Chapter 5: December, 1926: Midnight at MACUSA

Summary:

A tense evening at the Goldstein apartment spirals as Newt’s creatures, Jacob’s shock, and Tina’s frustration collide. Evanthe keeps the peace as best she can.
Summoned to a midnight MACUSA meeting, she witnesses global panic over a deadly magical incident. The chaos worsens when Tina arrives with Newt and Jacob, leading to their arrest.

Notes:

a little longer than the previous chapter (sorry) lol

(See the end of the chapter for more notes.)

Chapter Text

Newt’s suitcase snapped open again with a loud, impudent clack, like it had a personality and absolutely no manners. Newt didn’t even bother lifting his head; he just extended an arm and slammed it shut with that exhausted little motion that clearly meant “please, for once in your life, behave.”

Jacob, meanwhile, looked much better after dinner—though honestly, it might’ve been Queenie, because the way he gazed at her definitely had nothing to do with the food.

Queenie chatted about her job, her voice airy and musical as she made a tiny spoon levitate and twirl lazily between her fingers. “It’s not glamorous, you know? I make coffee all day, fix leaky pipes, clean enchanted bathrooms… Tina’s the smart one in the family.”

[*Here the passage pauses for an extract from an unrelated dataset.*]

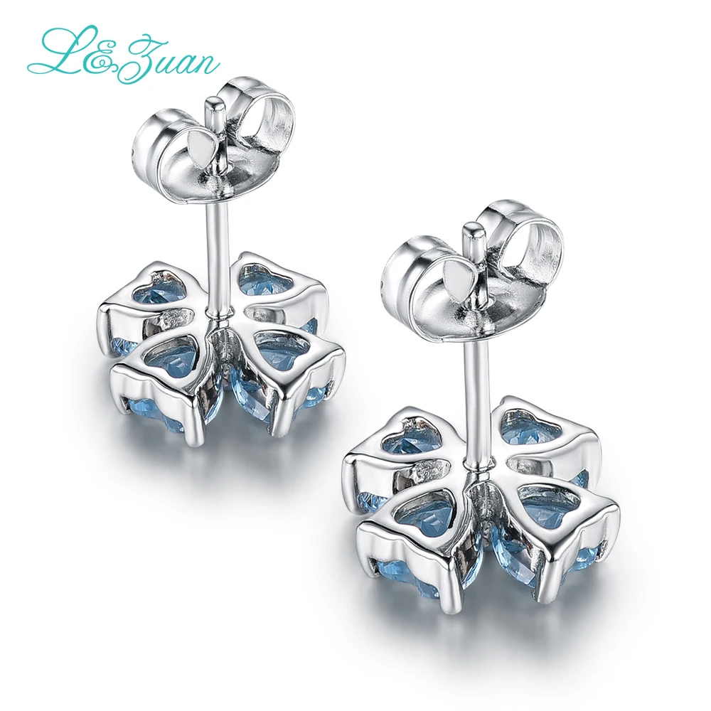925 sterling silver earrings natrual 2.56ct Topaz blue stone flower stud earrings fine jewelry for women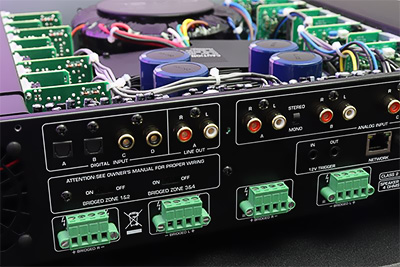 Les sorties pour les enceintes sont équipées de connecteurs Phoenix amovibles, idéaux pour les installations pré-câblées et sécurisées grâce à des dispositifs de fixation à vis.

And then—because Jacob thought something without saying it—she caught it right away.
“Yes… we’re orphans. Dragon pox.”

Jacob opened his mouth to apologize, but Queenie smiled before he could get the words out.
“Aww, you’re a sweetheart.”

Jacob tried to ask her—very politely—to stop reading his mind, but the words came out so stuttered and nervous that Queenie only laughed softly, delighted. Jacob looked like his soul was melting straight out of his body.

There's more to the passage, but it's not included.